In this assignment, we’ll use the “swiss” dataset available in R. This dataset gives us information about different aspects of Swiss provinces in the late 1800s. We’ll look at how factors like farming, education, and religion relate to fertility rates. Using a method called multiple regression.
To begin, we’ll load the dataset. After loading the dataset, we’ll explore its structure and then check summary statistics.
# Load the dataset
data(swiss)
# Explore the structure of the dataset
str(swiss)
## 'data.frame': 47 obs. of 6 variables:
## $ Fertility : num 80.2 83.1 92.5 85.8 76.9 76.1 83.8 92.4 82.4 82.9 ...
## $ Agriculture : num 17 45.1 39.7 36.5 43.5 35.3 70.2 67.8 53.3 45.2 ...
## $ Examination : int 15 6 5 12 17 9 16 14 12 16 ...
## $ Education : int 12 9 5 7 15 7 7 8 7 13 ...
## $ Catholic : num 9.96 84.84 93.4 33.77 5.16 ...
## $ Infant.Mortality: num 22.2 22.2 20.2 20.3 20.6 26.6 23.6 24.9 21 24.4 ...

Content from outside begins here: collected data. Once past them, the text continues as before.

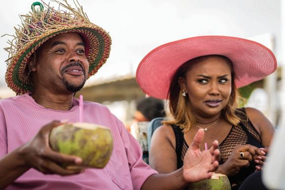 But if the original Coming to Africa was a struggle, things were easier for the sequel, Welcome to Ghana. In the rst installment, Jamison took over the lead acting role out of necessity, playing Adrian, an ambitious American business executive who has his life changed on a visit to Ghana’s bustling capital, Accra. Much of that life-change is thanks to Akosua, a charming schoolteacher played by Nana Ama McBrown. “It was my rst time in Ghana, literally,” he says. “In a way, that helped me play the character because I was in the same situation as the character. I literally was seeing these things for the rst time. is time, I was able to have more of a game plan ahead of time and say, ‘ is is how I want to do things.’”
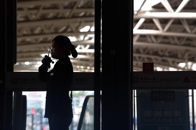 ↑中国铁路南昌局集团有限公司南昌站客运员李金红在检票口通过对讲机报告旅客进站情况(2月7日摄)。新华社记者 彭昭之摄
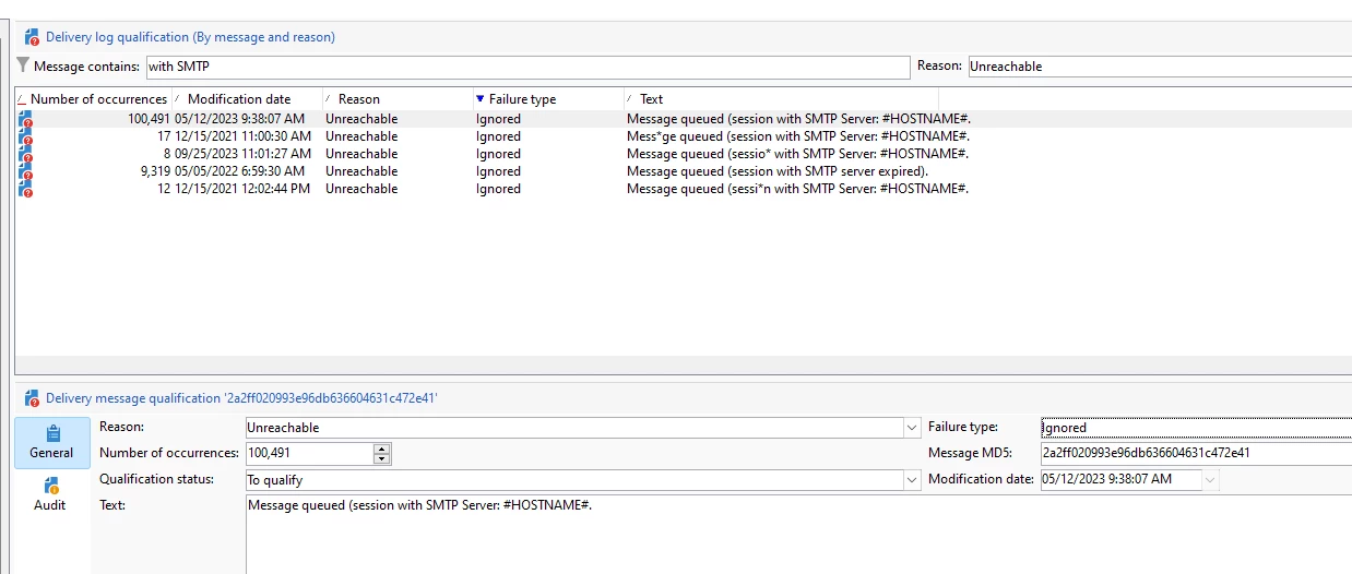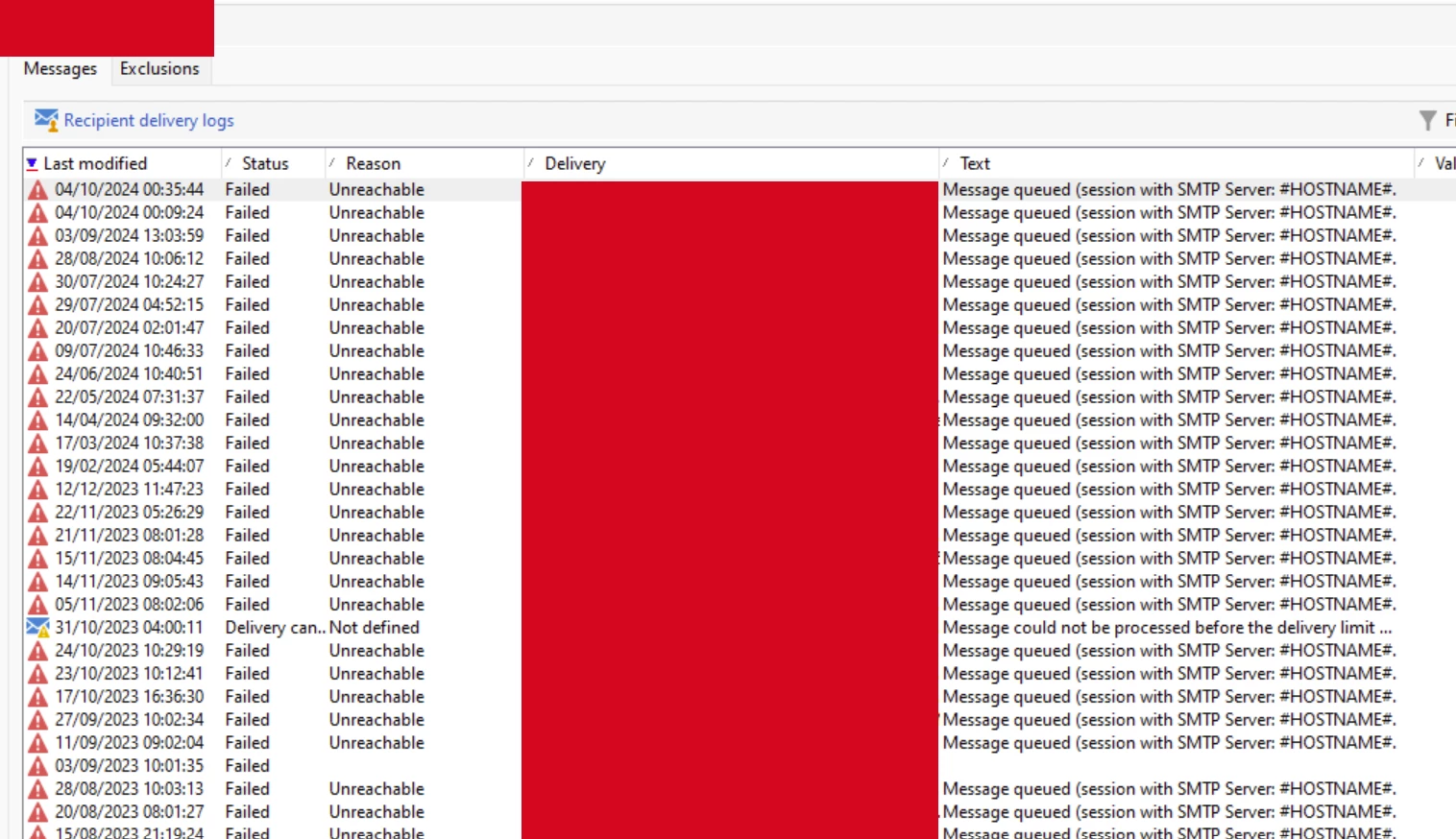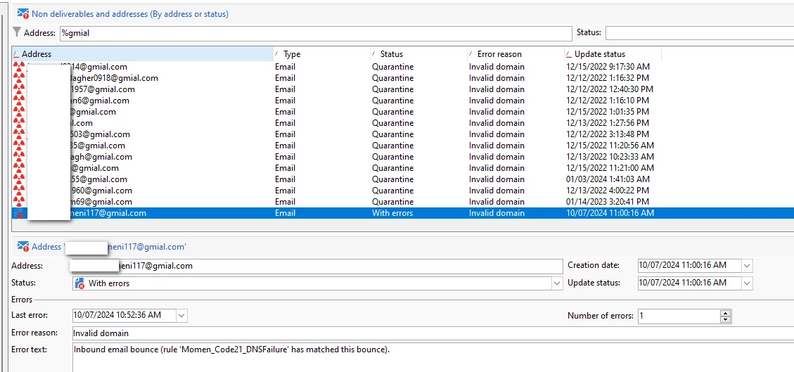 Hello I'm noticing many service / transactional email addresses we receive with typos (eg gmial.com, homtail.com etc) are not entering the quarantine table as expected. Please see example recipient delivery log of a customer with domain hotmaill.com:
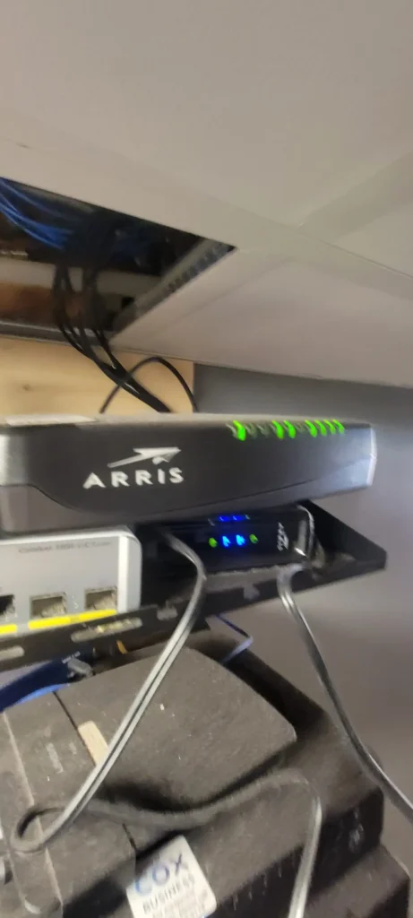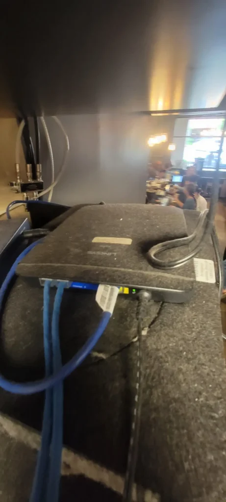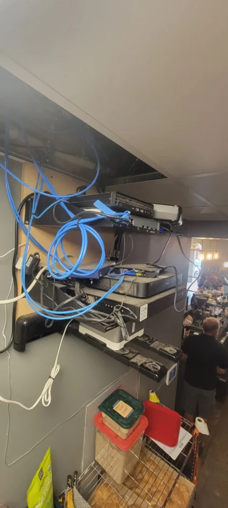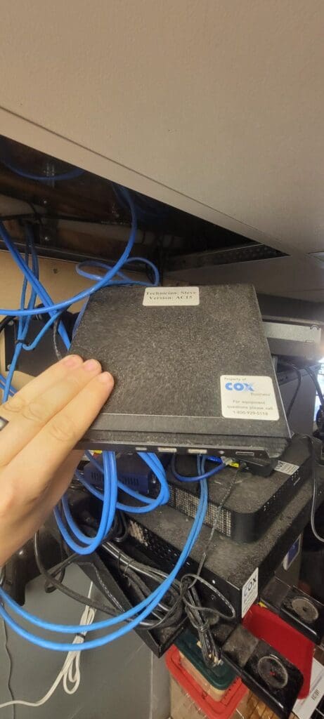 This location is simple and clean up to fix network, and They do have Camera Security, but COX just discontinued these which is crazy. So I removed it from the shelf and removed the old Phone Modem and Router and Security Router. We only need on the shelf is Business Router and Access point and Modem phone and Modem.
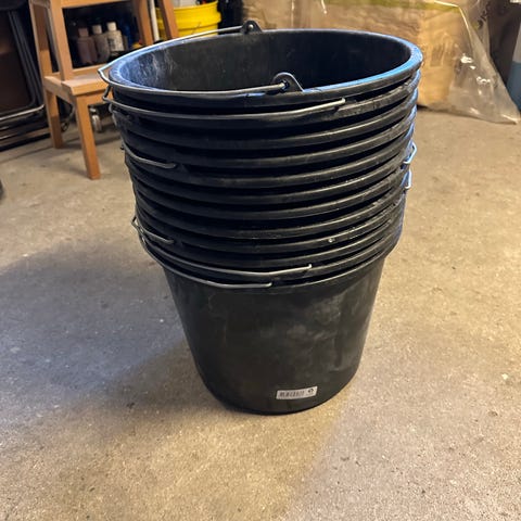 4 lidt støvede murespande.
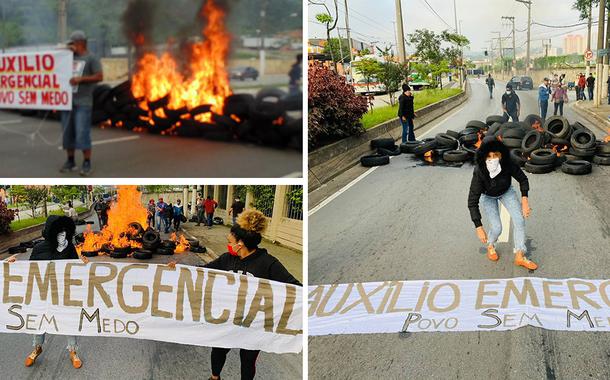 Manifestantes ligados ao MTST protestam nas principais avenidas de São Paulo para cobrar do governo a urgência da retomada do auxílio emergencial; também exigem ampliação e mais rapidez da...
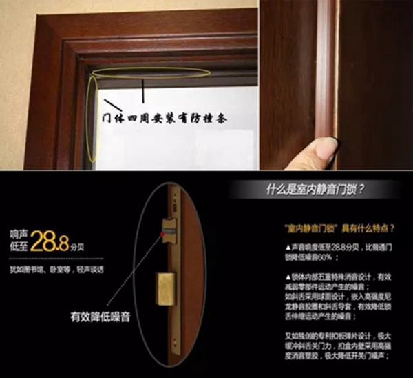 门头边角的整体设计,门扇与门框的完美合缝并增加密封胶条,大大提高密封性能,充分达到了隔音效果,同时锁具也采用静音阻尼锁扣。浮华之中更需要一份宁静,这是它的品性。

# Check summary statistics
summary(swiss)
## Fertility Agriculture Examination Education
## Min. :35.00 Min. : 1.20 Min. : 3.00 Min. : 1.00
## 1st Qu.:64.70 1st Qu.:35.90 1st Qu.:12.00 1st Qu.: 6.00
## Median :70.40 Median :54.10 Median :16.00 Median : 8.00
## Mean :70.14 Mean :50.66 Mean :16.49 Mean :10.98
## 3rd Qu.:78.45 3rd Qu.:67.65 3rd Qu.:22.00 3rd Qu.:12.00
## Max. :92.50 Max. :89.70 Max. :37.00 Max. :53.00
## Catholic Infant.Mortality
## Min. : 2.150 Min. :10.80
## 1st Qu.: 5.195 1st Qu.:18.15
## Median : 15.140 Median :20.00
## Mean : 41.144 Mean :19.94
## 3rd Qu.: 93.125 3rd Qu.:21.70
## Max. :100.000 Max. :26.60
Next, we will fit a multiple regression model to the “swiss” dataset, aiming to predict fertility rates using agricultural, educational, and religious variables, along with an interaction term between agriculture and Catholicism. Then, we’ll print a summary of the model’s findings.
# Fit the multiple regression model
model <- lm(Fertility ~ Agriculture + Education + I(Education^2) + Catholic + Agriculture:Catholic, data = swiss)
# Print the summary of the model
summary(model)
##
## Call:
## lm(formula = Fertility ~ Agriculture + Education + I(Education^2) +
## Catholic + Agriculture:Catholic, data = swiss)
##
## Residuals:
## Min 1Q Median 3Q Max
## -16.136 -6.214 1.376 5.712 14.437
##
## Coefficients:
## Estimate Std. Error t value Pr(>|t|)
## (Intercept) 84.1518268 6.5838484 12.782 6.88e-16 ***
## Agriculture -0.1832766 0.0934643 -1.961 0.0567 .
## Education -0.9174241 0.3961951 -2.316 0.0257 *
## I(Education^2) -0.0033018 0.0076312 -0.433 0.6675
## Catholic 0.1684727 0.0986089 1.708 0.0951 .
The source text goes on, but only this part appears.